**WORK TASK**. Return the lines of the data below starting at the one holding "party,flower heads decoration" and ending at the one holding "お次に油を敷いたフライパンで", word for word, leaving every picture out.

**DATA TO PROCESS**.
-- -- --

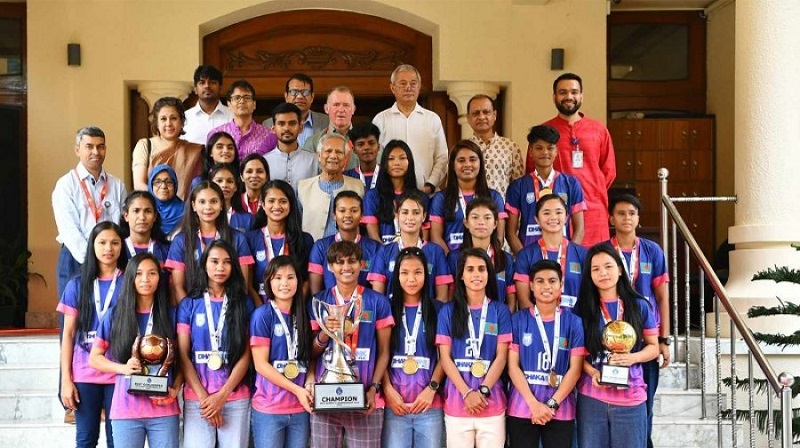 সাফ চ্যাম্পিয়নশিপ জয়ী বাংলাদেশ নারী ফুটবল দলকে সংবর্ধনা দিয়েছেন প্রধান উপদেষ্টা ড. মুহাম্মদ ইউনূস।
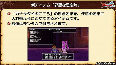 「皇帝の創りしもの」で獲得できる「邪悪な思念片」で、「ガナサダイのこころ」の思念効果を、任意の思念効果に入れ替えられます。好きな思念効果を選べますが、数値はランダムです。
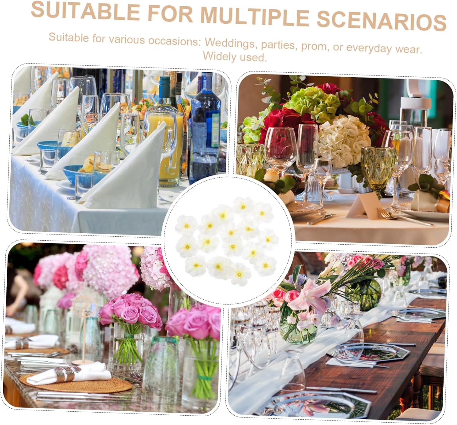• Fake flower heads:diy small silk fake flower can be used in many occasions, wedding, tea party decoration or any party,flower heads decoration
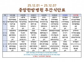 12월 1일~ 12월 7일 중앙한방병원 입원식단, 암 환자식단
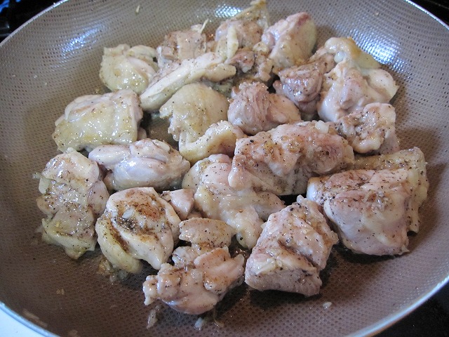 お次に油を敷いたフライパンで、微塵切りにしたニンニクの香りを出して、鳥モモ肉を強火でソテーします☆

-- -- --

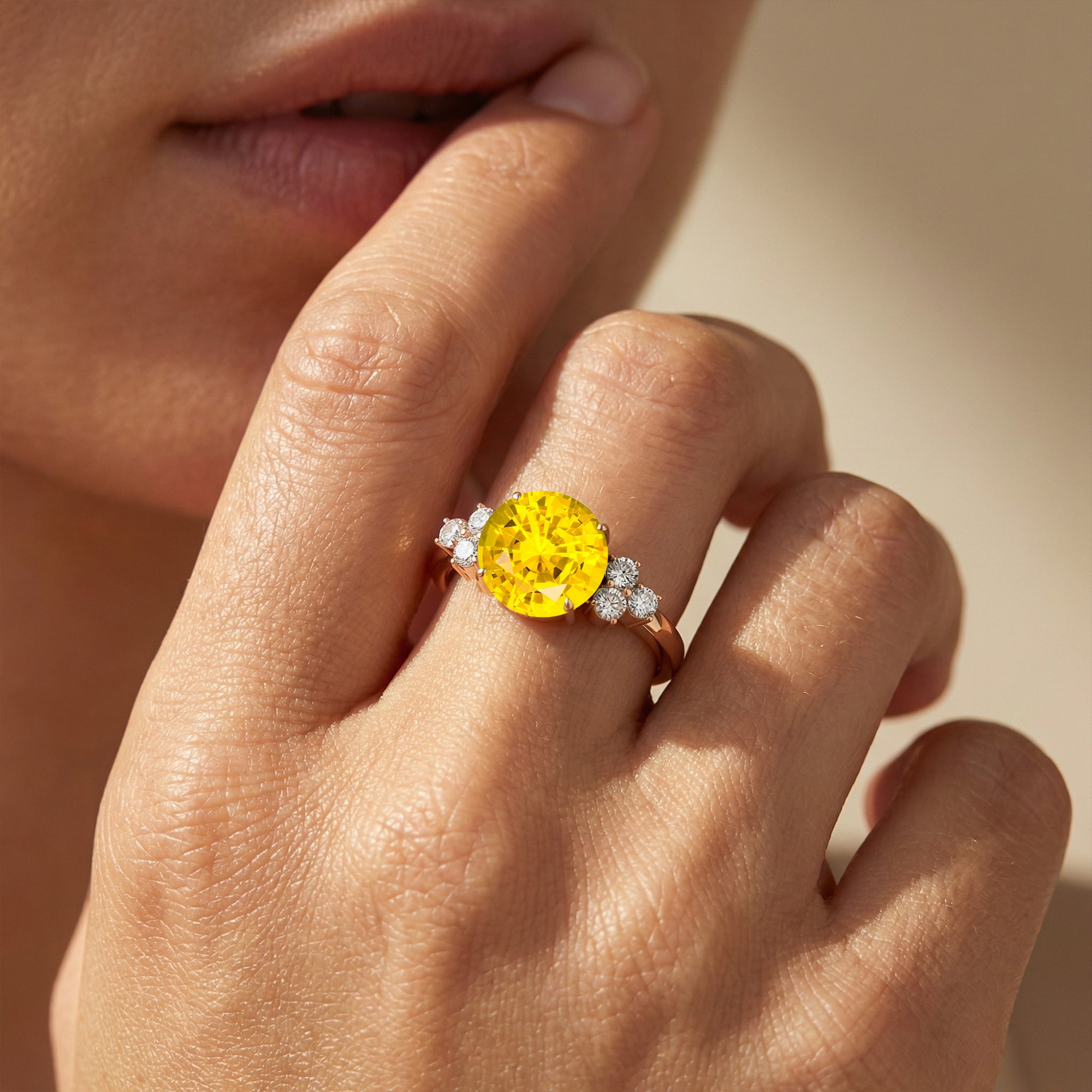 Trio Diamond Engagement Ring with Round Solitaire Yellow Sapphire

-- -- --

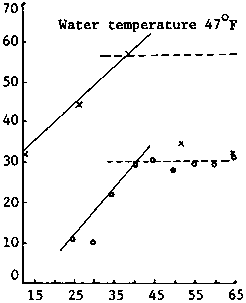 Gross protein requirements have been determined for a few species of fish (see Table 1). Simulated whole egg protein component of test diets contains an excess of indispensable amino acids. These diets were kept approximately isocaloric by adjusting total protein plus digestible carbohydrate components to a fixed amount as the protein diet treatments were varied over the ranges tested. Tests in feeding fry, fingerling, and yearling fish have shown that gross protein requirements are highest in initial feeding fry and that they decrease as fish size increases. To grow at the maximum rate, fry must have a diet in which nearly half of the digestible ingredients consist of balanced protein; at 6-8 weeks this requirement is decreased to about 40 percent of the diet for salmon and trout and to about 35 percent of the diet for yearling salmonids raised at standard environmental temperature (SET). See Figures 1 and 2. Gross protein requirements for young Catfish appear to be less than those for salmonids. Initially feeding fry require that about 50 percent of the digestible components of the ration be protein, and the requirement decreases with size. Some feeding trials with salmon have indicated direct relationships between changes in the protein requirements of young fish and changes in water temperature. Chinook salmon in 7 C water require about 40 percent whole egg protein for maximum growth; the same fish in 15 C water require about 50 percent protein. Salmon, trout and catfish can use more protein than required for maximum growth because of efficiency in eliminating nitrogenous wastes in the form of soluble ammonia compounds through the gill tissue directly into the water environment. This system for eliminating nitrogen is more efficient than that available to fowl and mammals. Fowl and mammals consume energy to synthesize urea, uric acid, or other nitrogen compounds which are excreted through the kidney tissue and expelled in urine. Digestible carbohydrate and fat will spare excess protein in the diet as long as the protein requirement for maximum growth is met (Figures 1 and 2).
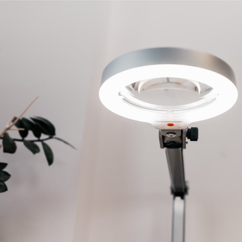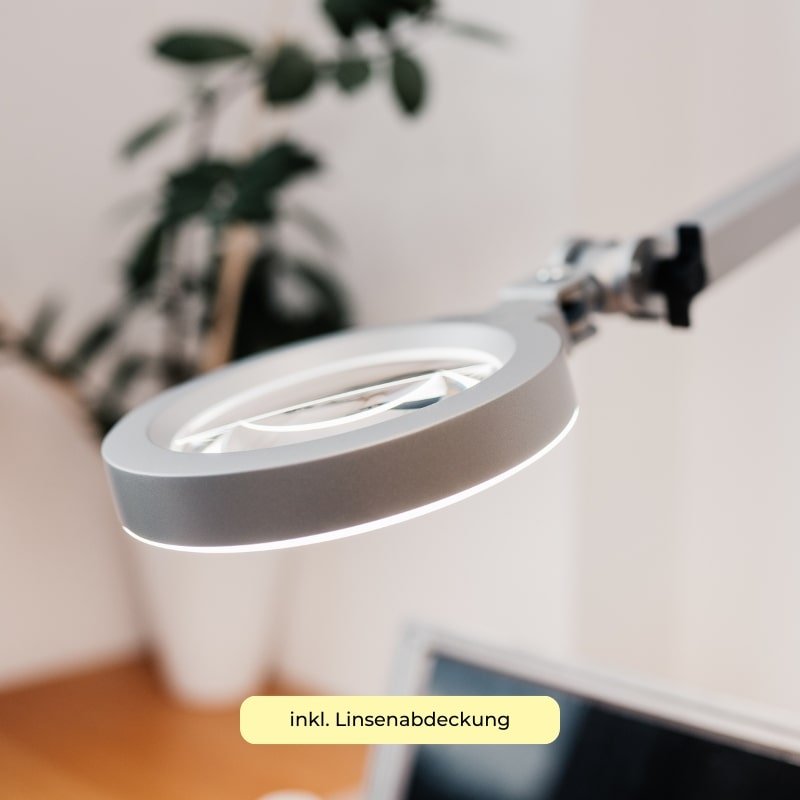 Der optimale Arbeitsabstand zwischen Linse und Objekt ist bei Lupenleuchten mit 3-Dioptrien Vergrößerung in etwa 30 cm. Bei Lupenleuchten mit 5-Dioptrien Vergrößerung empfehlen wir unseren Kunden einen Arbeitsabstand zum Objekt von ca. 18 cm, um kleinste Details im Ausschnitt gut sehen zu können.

-- -- --

**RESPONSE**.
• Fake flower heads:diy small silk fake flower can be used in many occasions, wedding, tea party decoration or any party,flower heads decoration
 12월 1일~ 12월 7일 중앙한방병원 입원식단, 암 환자식단
 お次に油を敷いたフライパンで、微塵切りにしたニンニクの香りを出して、鳥モモ肉を強火でソテーします☆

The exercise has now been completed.